**Supplied entries:**
•••

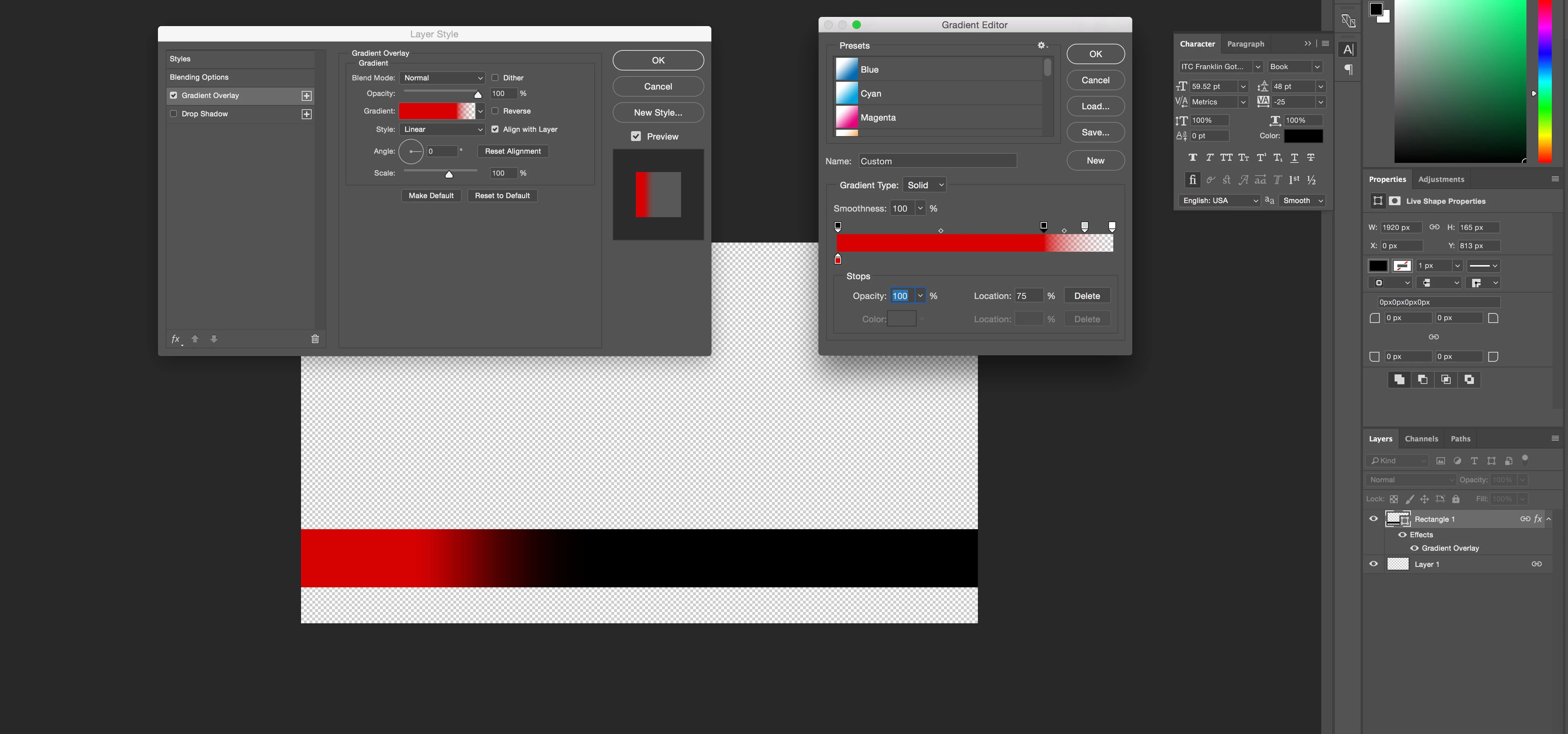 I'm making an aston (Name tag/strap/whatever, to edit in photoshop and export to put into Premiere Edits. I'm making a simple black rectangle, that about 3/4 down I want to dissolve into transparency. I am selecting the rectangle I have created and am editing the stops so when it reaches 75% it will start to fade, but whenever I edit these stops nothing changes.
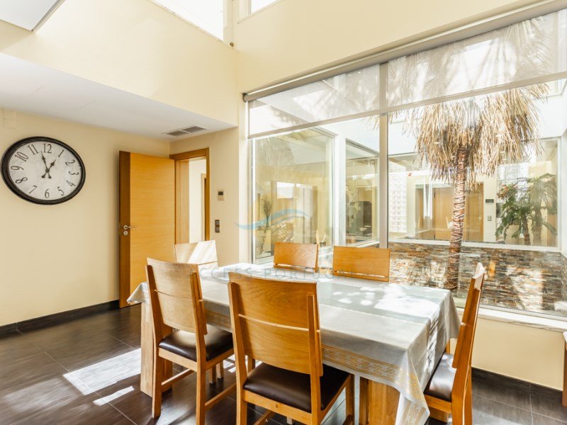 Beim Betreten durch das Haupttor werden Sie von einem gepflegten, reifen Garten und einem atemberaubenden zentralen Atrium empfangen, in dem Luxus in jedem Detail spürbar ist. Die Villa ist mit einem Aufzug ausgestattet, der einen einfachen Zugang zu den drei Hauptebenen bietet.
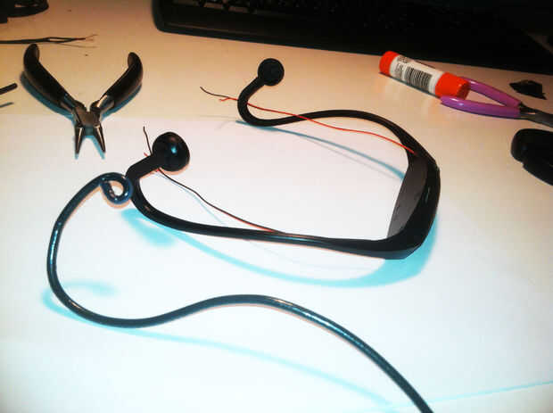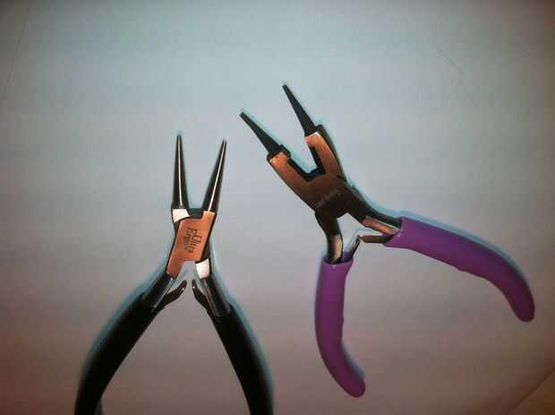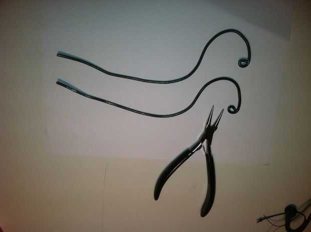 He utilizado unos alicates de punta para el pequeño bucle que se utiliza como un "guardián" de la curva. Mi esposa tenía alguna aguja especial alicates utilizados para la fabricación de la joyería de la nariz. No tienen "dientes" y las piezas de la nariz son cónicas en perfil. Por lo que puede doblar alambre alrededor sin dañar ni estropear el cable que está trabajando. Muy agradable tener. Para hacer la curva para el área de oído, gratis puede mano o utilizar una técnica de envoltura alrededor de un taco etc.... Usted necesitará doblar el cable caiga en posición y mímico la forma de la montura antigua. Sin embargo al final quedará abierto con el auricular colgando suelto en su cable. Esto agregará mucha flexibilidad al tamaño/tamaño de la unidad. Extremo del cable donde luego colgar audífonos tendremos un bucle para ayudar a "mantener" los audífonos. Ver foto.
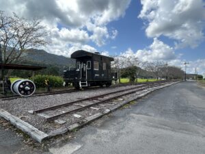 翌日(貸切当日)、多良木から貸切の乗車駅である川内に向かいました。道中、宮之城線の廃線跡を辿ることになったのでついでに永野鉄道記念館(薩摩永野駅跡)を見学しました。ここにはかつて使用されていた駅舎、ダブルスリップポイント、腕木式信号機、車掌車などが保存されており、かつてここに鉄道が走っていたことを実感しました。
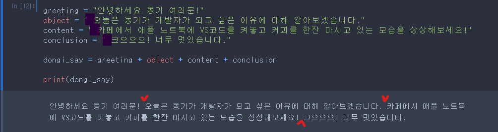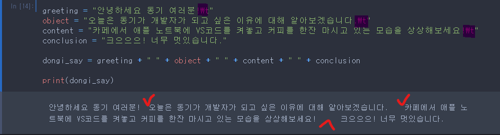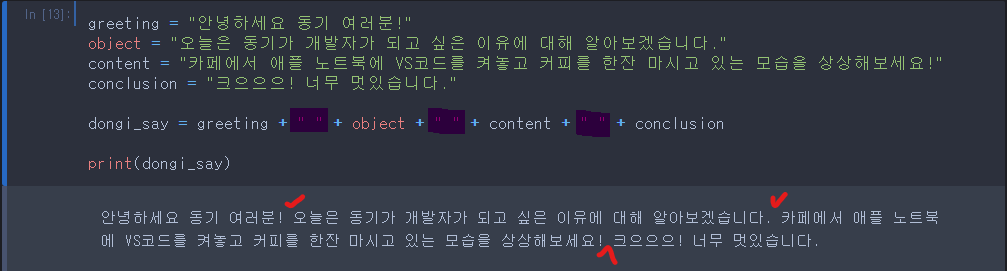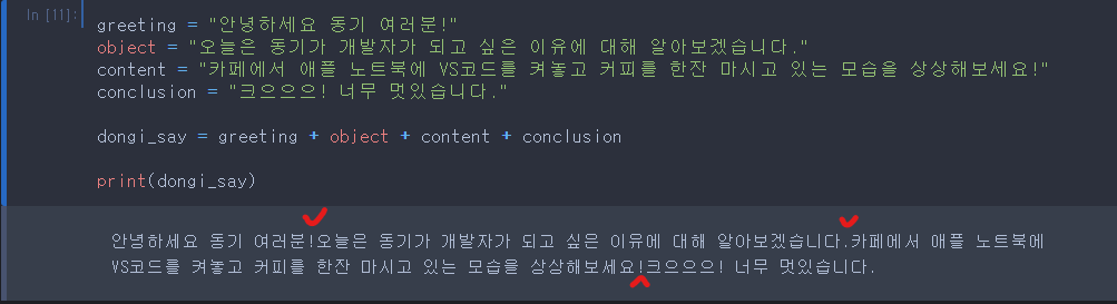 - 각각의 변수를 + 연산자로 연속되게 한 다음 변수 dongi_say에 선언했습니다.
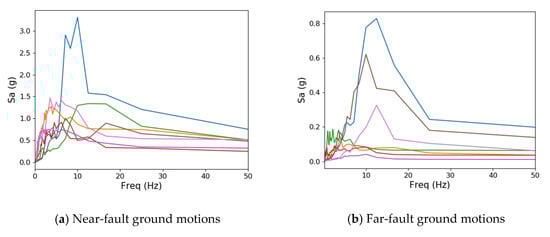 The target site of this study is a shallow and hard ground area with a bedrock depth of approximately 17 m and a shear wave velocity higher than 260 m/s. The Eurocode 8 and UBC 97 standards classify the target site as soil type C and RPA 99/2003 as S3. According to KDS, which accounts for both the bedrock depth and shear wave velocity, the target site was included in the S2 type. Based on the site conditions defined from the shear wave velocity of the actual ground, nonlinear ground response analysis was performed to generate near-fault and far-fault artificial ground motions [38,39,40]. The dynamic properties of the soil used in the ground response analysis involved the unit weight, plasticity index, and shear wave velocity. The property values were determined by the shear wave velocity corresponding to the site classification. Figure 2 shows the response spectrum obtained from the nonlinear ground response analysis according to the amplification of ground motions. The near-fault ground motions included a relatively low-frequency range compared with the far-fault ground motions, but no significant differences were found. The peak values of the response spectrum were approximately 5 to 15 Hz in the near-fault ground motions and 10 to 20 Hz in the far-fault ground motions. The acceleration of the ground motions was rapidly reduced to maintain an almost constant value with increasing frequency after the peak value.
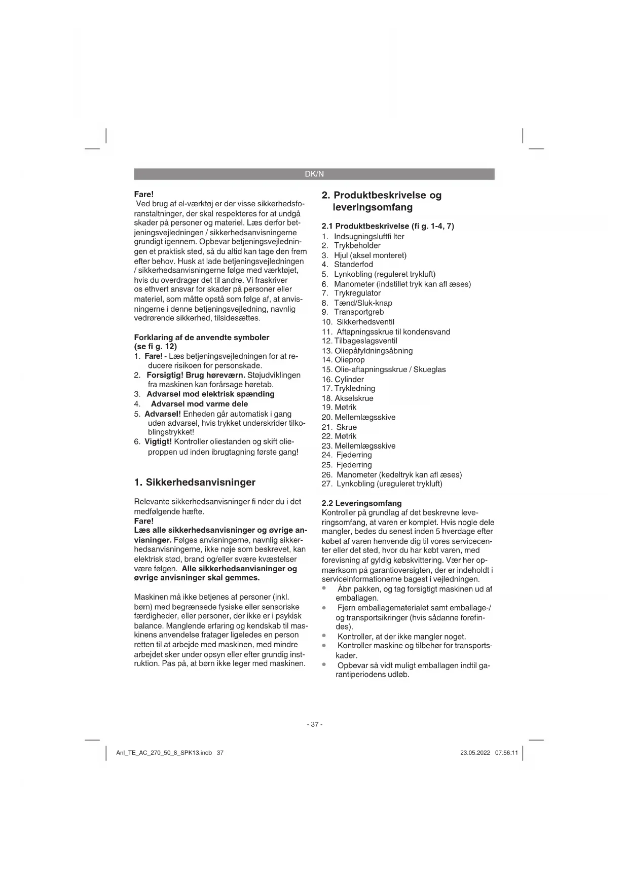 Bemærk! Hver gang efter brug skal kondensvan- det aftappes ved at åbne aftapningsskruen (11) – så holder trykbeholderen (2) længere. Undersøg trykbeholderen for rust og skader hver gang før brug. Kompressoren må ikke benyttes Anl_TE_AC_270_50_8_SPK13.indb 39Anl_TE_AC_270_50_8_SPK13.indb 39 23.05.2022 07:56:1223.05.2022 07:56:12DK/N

•••

**Exercise prompt:**
In the listing above, find the line with "翌日(貸切当日)、多良木から" and the line with "The target site of". Set down both and every line between them, minus the pictures.

**Solution:**
 翌日(貸切当日)、多良木から貸切の乗車駅である川内に向かいました。道中、宮之城線の廃線跡を辿ることになったのでついでに永野鉄道記念館(薩摩永野駅跡)を見学しました。ここにはかつて使用されていた駅舎、ダブルスリップポイント、腕木式信号機、車掌車などが保存されており、かつてここに鉄道が走っていたことを実感しました。
 - 각각의 변수를 + 연산자로 연속되게 한 다음 변수 dongi_say에 선언했습니다.
 The target site of this study is a shallow and hard ground area with a bedrock depth of approximately 17 m and a shear wave velocity higher than 260 m/s. The Eurocode 8 and UBC 97 standards classify the target site as soil type C and RPA 99/2003 as S3. According to KDS, which accounts for both the bedrock depth and shear wave velocity, the target site was included in the S2 type. Based on the site conditions defined from the shear wave velocity of the actual ground, nonlinear ground response analysis was performed to generate near-fault and far-fault artificial ground motions [38,39,40]. The dynamic properties of the soil used in the ground response analysis involved the unit weight, plasticity index, and shear wave velocity. The property values were determined by the shear wave velocity corresponding to the site classification. Figure 2 shows the response spectrum obtained from the nonlinear ground response analysis according to the amplification of ground motions. The near-fault ground motions included a relatively low-frequency range compared with the far-fault ground motions, but no significant differences were found. The peak values of the response spectrum were approximately 5 to 15 Hz in the near-fault ground motions and 10 to 20 Hz in the far-fault ground motions. The acceleration of the ground motions was rapidly reduced to maintain an almost constant value with increasing frequency after the peak value.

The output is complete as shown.